How do I tell how big the index is?
Navigate to the JIRA_HOME directory and run the following (for linux):
du -h caches/
This should return something like the following:
8.0K caches/indexesV2/plugins
244K caches/indexesV2/changes
124K caches/indexesV2/comments
416K caches/indexesV2/issues
8.0K caches/indexesV2/worklogs
56K caches/indexesV2/entities/searchrequest
56K caches/indexesV2/entities/portalpage
116K caches/indexesV2/entities
920K caches/indexesV2
4.0K caches/tmp_attachments
928K caches
In this case the index is 928k.
Which part of the process consumes the most resources?
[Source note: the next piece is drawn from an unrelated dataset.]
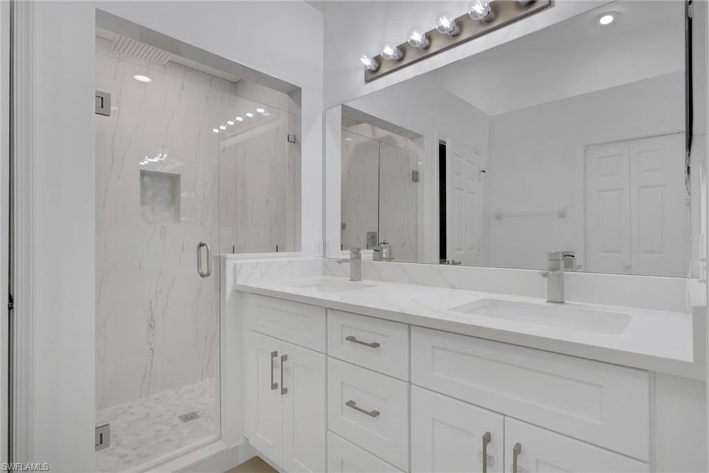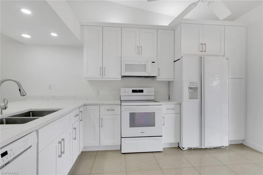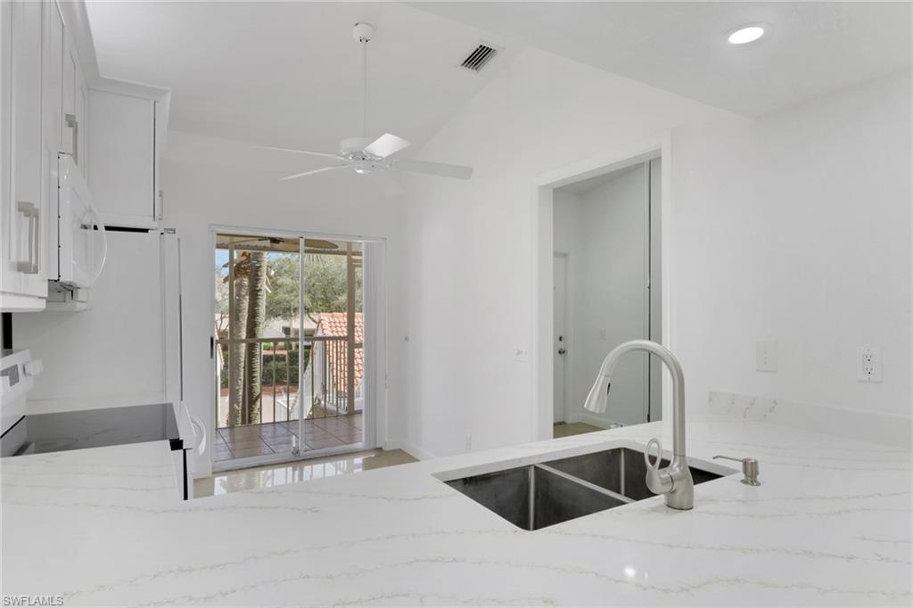 Discover this beautifully updated 3-bedroom, 2-bath end-unit condo in the highly sought-after Falling Waters community—where comfort, lifestyle, and location come together effortlessly. Known for its welcoming atmosphere and exceptional amenities, Falling Waters is one of Naples’ most desirable, amenity-rich neighborhoods—and this residence is just steps from the resort-style features that make it so special. Perfectly situated just minutes from 5th Avenue South, 3rd Street South, Waterside Shops, Mercato, and Naples’ world-class Gulf beaches, this home offers the ultimate blend of luxury and convenience. Step inside to a bright, open-concept living and dining area highlighted by soaring cathedral ceilings and new tile flooring throughout. The recently updated kitchen features quartz countertops, white shaker cabinetry with added storage beneath the breakfast bar, a large deep sink, generous prep space, and a cozy seating area with direct access to the expansive enclosed lanai spanning the front of the unit. Relax or entertain on the screened lanai while enjoying tranquil views of cascading waterfalls and lush tropical landscaping. A second oversized screened lanai at the entry—accessible from the kitchen—is the perfect spot for morning coffee or evening breezes. The thoughtfully designed layout includes three generously sized bedrooms and two fully updated bathrooms, along with an upgraded laundry room featuring new shaker cabinetry for additional storage. The spacious primary suite offers private lanai access and ample closet space, while the additional bedrooms provide flexibility for guests, a home office, or family. Additional highlights include a covered carport with private storage and ample guest parking nearby, all surrounded by peaceful, resort-like grounds with serene water features that make every day feel like a vacation. This move-in-ready condo is ideal as a full-time residence, seasonal retreat, or exceptional investment opportunity, with rental flexibility allowing up to 12 leases per year. Residents of Falling Waters enjoy unmatched amenities within walking distance, including a spectacular 11,000-square-foot resort-style saltwater pool with waterfalls that was recently enhanced by a $2.1 million renovation, a welcoming clubhouse with vibrant social activities and community events, clay tennis courts, bocce ball, shuffleboard, a putting green, and beautifully maintained sidewalks and paver walking paths throughout the lush tropical landscape. This is one of the best-priced 3-bedroom end-unit opportunities in the community and represents outstanding value in today’s Naples market. Don’t miss your chance to own in one of Naples’ most desirable communities—this one is priced to sell!
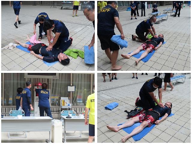 プールサイドでは他のスタッフが心肺蘇生法を行います。

- Generally speaking the building of the Lucene Documents to index takes the largest amount of resource when indexing an issue and reading data from the database can be a very substantial part of this. This is highly influenced by what plugins are installed and how they store and index data.
- The indexing process places high demands on three resource areas:
- CPU and memory
- Database
- File system holding the Lucene files
- Any of the above areas can become a bottle neck, for example long ping times or poor response from the database, a slow file system (i.e. using a NAS). If indexing performance is a concern all these should be looked at.
- Background reindexing uses just a single thread and in theory should trundle along in the background without significant impact on the rest of JIRA. In some circumstances though it may have a significant impact. On large systems under heavy load with a high rate of issue searches then there may be some significant impact, and it may be wise to perform the re-index during a period of lower activity, e.g. in the middle of the night.
What type of contention, or locking / blocking is anticipated during reindexing?
- For background reindexing, none. JIRA will read all the issues in the system and re-build the index entries for each issue as it goes. The background reindex runs very much as if a user has just updated an issue causing it to be reindexed.
- For a foreground reindex, total. For a foreground reindex, we totally delete the old index and build it again from scratch.
- In a cluster, a background reindex will cause a small pause on secondary nodes when the full reindex is being swapped into place after being copied from the node that performed the reindex.
If I cancel the re-index, can I still use JIRA?
Lock JIRA and rebuild index - you can't stop reindex. If you restart JIRA during this process, JIRA will be not usable, index will be corrupted and you need to run reindex.
Background re-index - After you cancel a re-index all issues currently processed will be in their correct state and any not processed will be in the same state as before the re-index was started. If a re-index was not actually needed, starting and then cancelling a re-index will do no harm at all. If a configuration change means a re-index is required, then the re-index will still be required and should be allowed to run to completion at some time in the near future.